▶ [Records supplied]
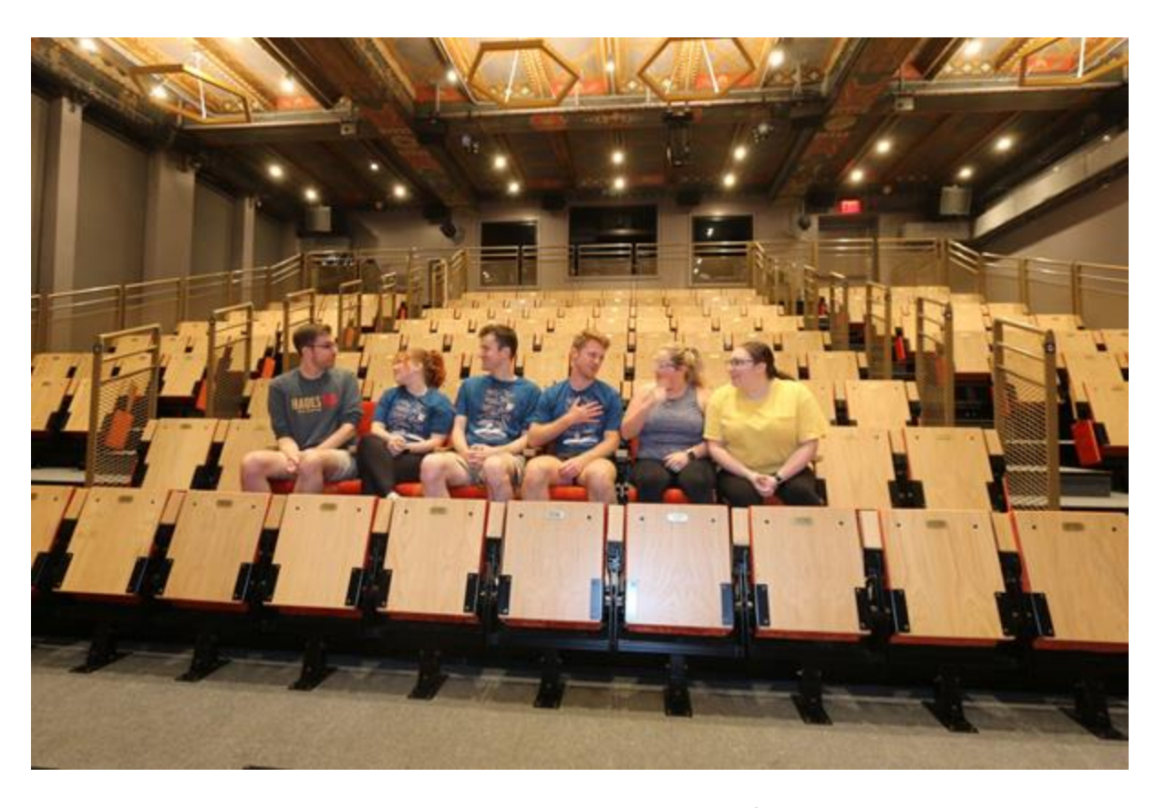
During the show, I will sit with my family. There may be people I don't know sitting close to me.
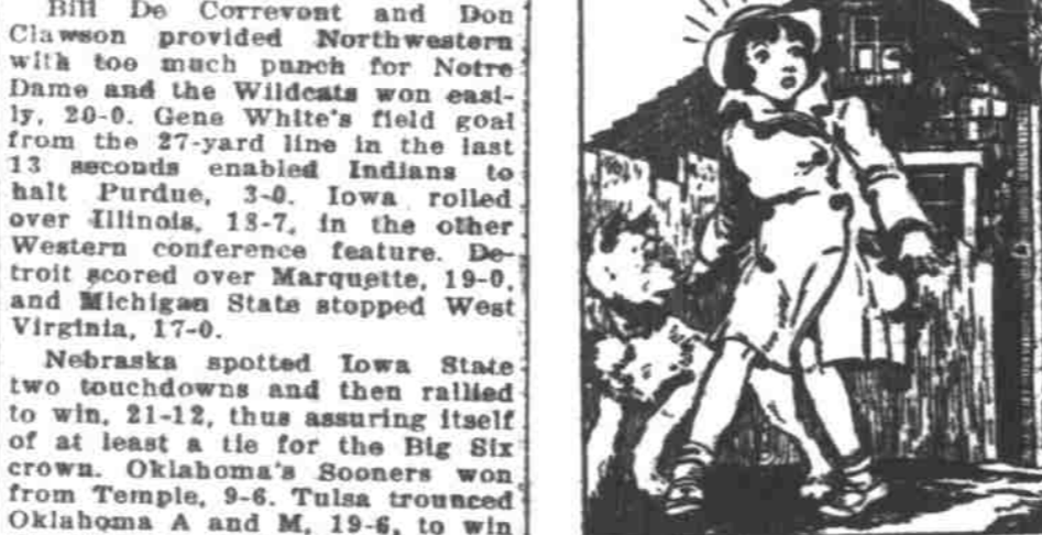
TOOTS AND CASPER
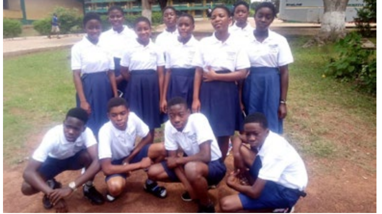
Church of Christ School Class of 2020 on last day of exams
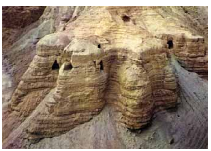
The Qumran caves near the Dead Sea – the Scrolls found here are the text source for Ami Maayani's opera-oratorio The War of the Sons of Light Against the Sons of Darkness .
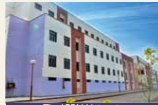
The ICFAI University, Himachal Pradesh (Baddi)
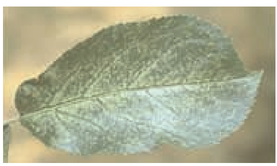
Figure 37. Apple leaf discolored by leafhopper feeding.

The white apple leafhopper is primarily an apple pest, but it can also occur on other tree fruits. Overwintering eggs, found just underneath the bark of twigs, begin to hatch during the apple pink to petal-fall stages of development (Table 1). The young nymphs move to the lower leaf surfaces and begin to feed. Their shed skins and tiny spots of black excrement are often visible (Figure 36). Leafhoppers, both nymphs and adults, have piercing-sucking mouthparts that remove plant sap and chlorophyll from the foliage tissue. The topsides of heavily infested leaves are covered with tiny white markings. The entire leaf may seem mottled or silvery in appearance (Figure 37) and, in high population densities, such damage may affect fruit set and size. Adults are about 3 mm long and readily jump and fly from
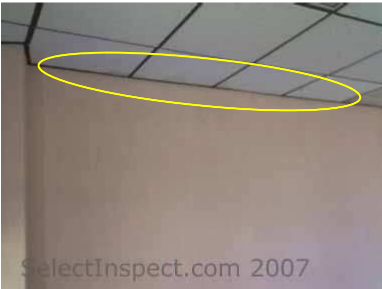
↑ moisture intrusion at main room- north
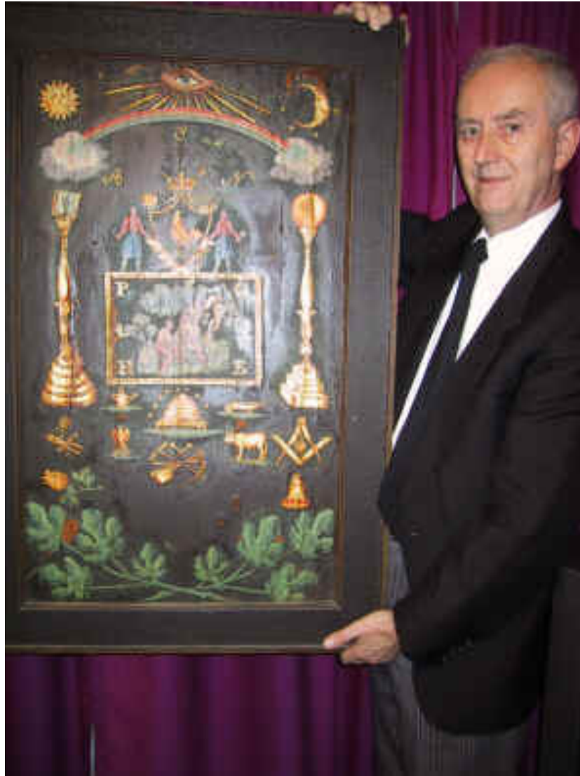
Figure 7 Showing a 1 st Degree Tracing Board
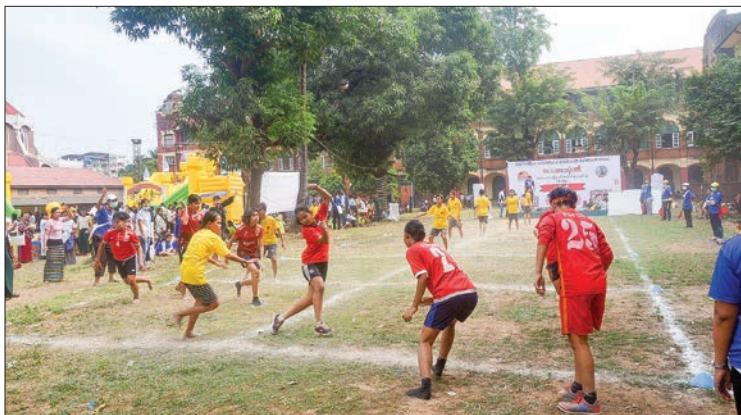
Children taking part in Htote Si Htoe (border-crossing game) at the festival.
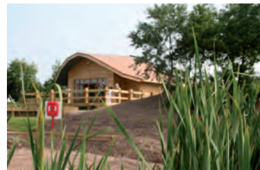
Tranquillity at Cadoxton Lakes
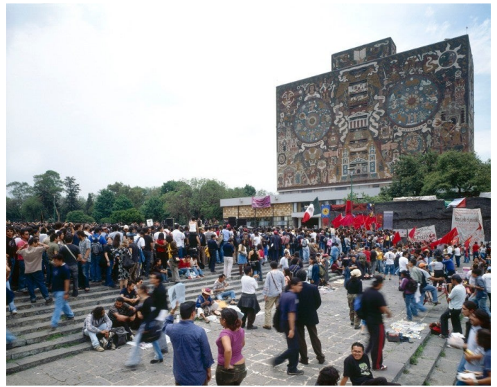
Mardi 2 mai 2006. Mexico. Rassemblement et discours du Délégué Zéro à l'Universidad Nacional Autónoma de México, Forum de la Cité Universitaire. From the 'La Otra' series, 2006.
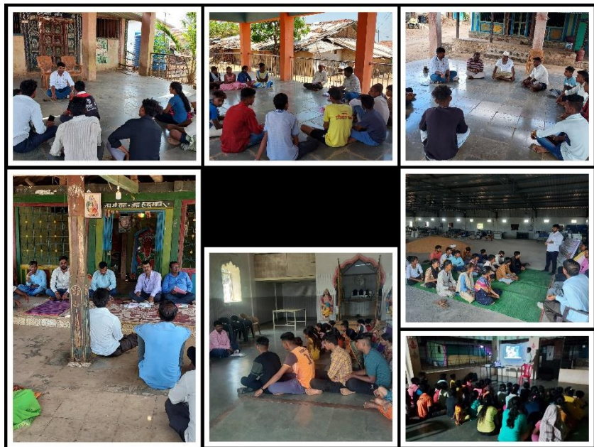
DBRT Promotion campaign
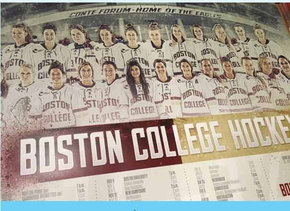
BOSTON COLLEGE WOMEN'S HOCKEY TEAM POSTER

Boutilier and SanGiovanni (1994) examine these differences in BC hockey with a socialist feminist lens that recognizes economic inequality and sexism as significant forms of oppression. BC's two hockey teams play in the same venue and have the same access to equipment, locker rooms, and quality coaches because Title IX requires it, but the differences in times of game, promotion, cost, concessions, and pep are all differences that give unfair treatment by prioritizing the men's team. These differences in opportunity and treatment of the two teams is related to much of the data presented by the National Women's Law Center (2012). More than half of the students at NCAA schools are women, but they receive only 44% of the opportunities. Female athletes at these schools receive only 28% of the total money spent on athletics, 31% of the recruiting dollars, and 42% of the athletic scholarship dol-
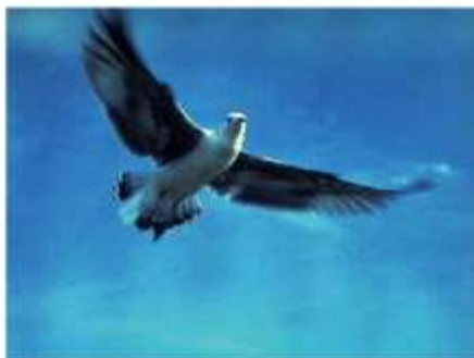
We need the guidance of the Holy Spirit to understand the Bible.

Matthew 7:21 21 Not every one that saith unto me, Lord, Lord, shall enter into the kingdom of heaven; but he that doeth the will of my Father which is in heaven.
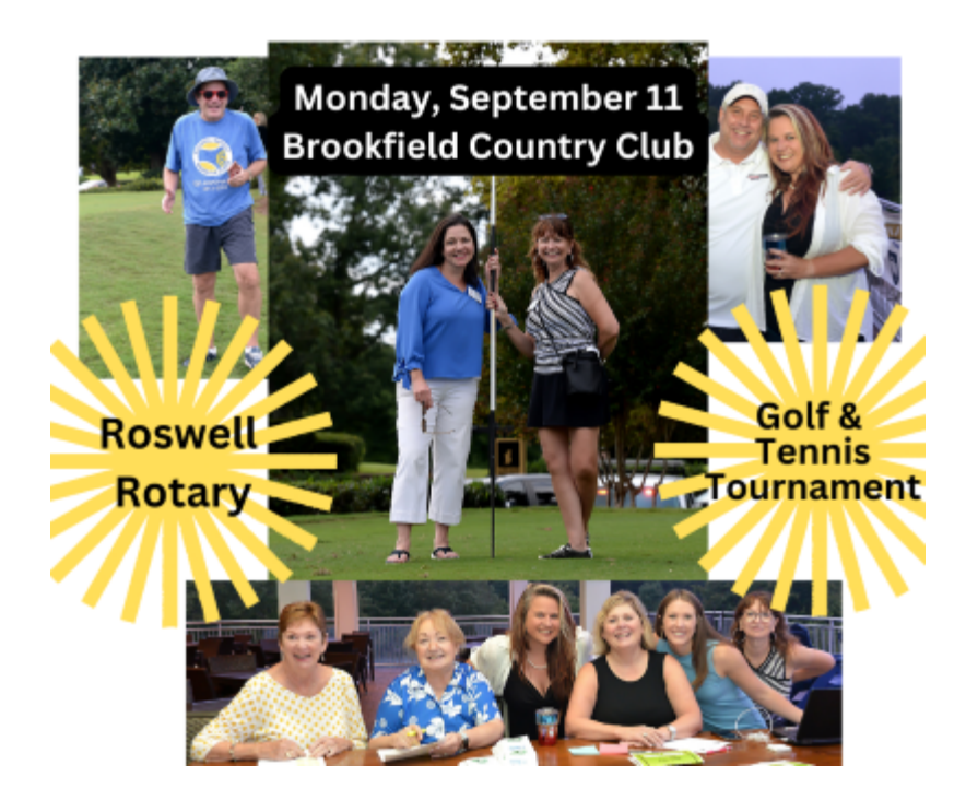
Add To Calendar

Committee Meets every Thursday at 11:30am before Rotary at front of gym
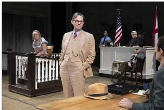
Richard Thomas as Atticus Finch (center) in Broadway tour of Aaron Sorkin's adaptation of "To Kill a Mockingbird"

Plays adapted from seminal novels are always a great challenge, and Harper Lee's iconic novel "To Kill a Mockingbird" is all the more so. After all, Gregory Peck earned a best actor Oscar in the fine 1962 film with a performance that brought gravitas and singular stature to Alabama lawyer Atticus Finch. Recently
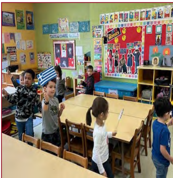
March 25th, 2024 and the Annunciation Celebration – 4's Class Greek Independence Day
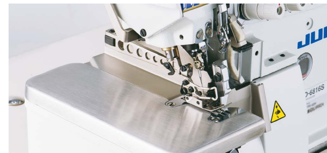
For runstitch / MO-6816S-FF6-30H
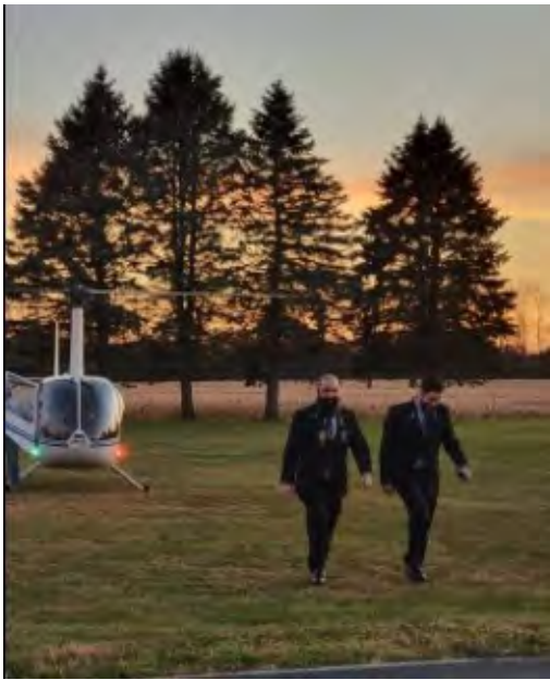
Mount Moriah No. 77, F&AM

On December 2, the Worshipful Master Elect and the Worshipful Master made quite the en- trance for the Actual Past Master De- gree.
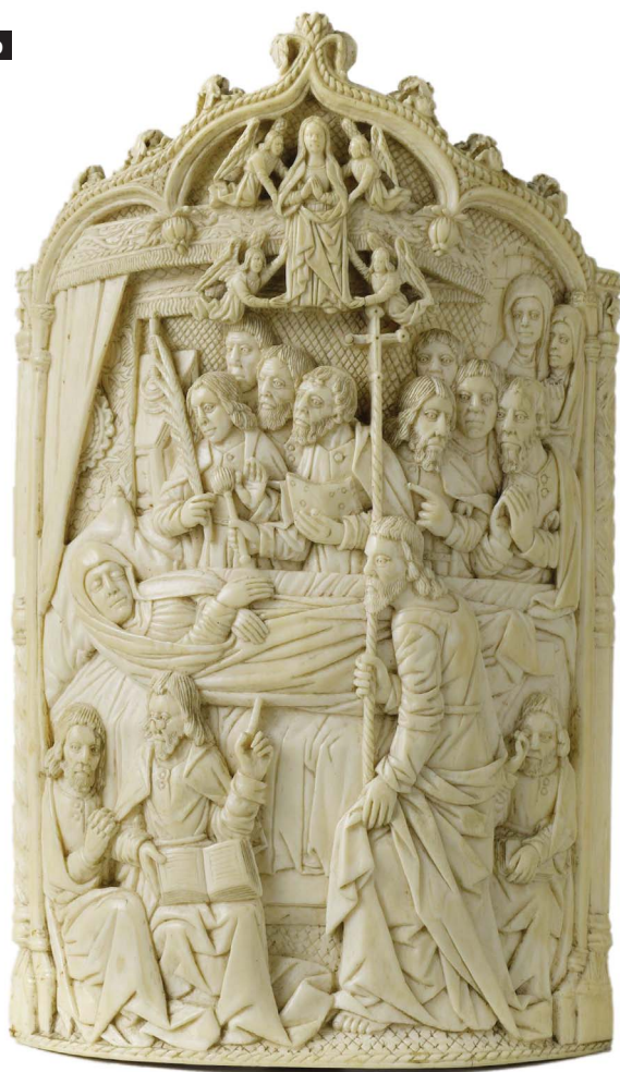
9. Pax with the scene of the Dormition of the Virgin Mary , ca. 1480–1500, ivory, 12.7 × 21.3 cm, Rijksmuseum in Amsterdam.
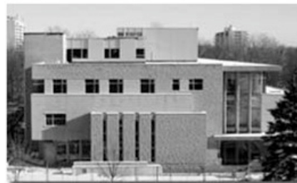
North Campus Building at The University of Western Ontario Home of the Faculty of Information & Media Studies

Click ' Current Issue ' to read the latest publication. Detailed information about the journal, including its editorial board and its mission, as well as an archive of past issues, is available via the top menu bar.
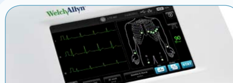
LEAD QUALITY DISPLAY

No need to track between the display and keyboard, saving time and helping reduce errors.
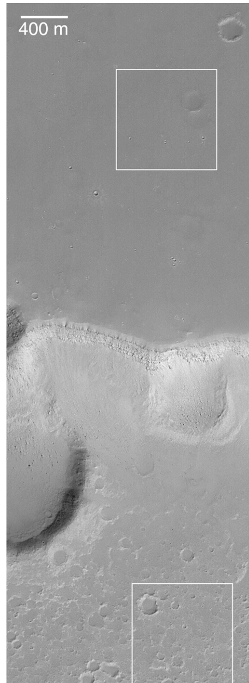
Figure 2. Cratered valley floor emergent from beneath layered wall within volcanic plains. Wall materials are known from context to include lava flows. Weathering of the dense, layered rock produces boulders. The upper layer appears smooth and is interpreted to be mantled with fines. Figure 3 subframes shown as boxes. (MOC image SP1-21903 near 24.4°N, 206.4°W).
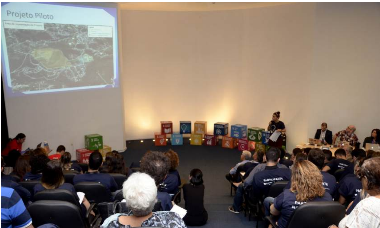
Project presentation at SDG Week by municipal civil servant.

up-to-date is a central theme. WeGov, the public sector innovation start-up, highlights that the skills needed for innovation are curiosity, insurgency, data literacy, storytelling, user focus and interaction 4 .

▶ [Problem requirements] List every line above that holds the word "University".

▶ [Answer for the task]
The ICFAI University, Himachal Pradesh (Baddi)
North Campus Building at The University of Western Ontario Home of the Faculty of Information & Media Studies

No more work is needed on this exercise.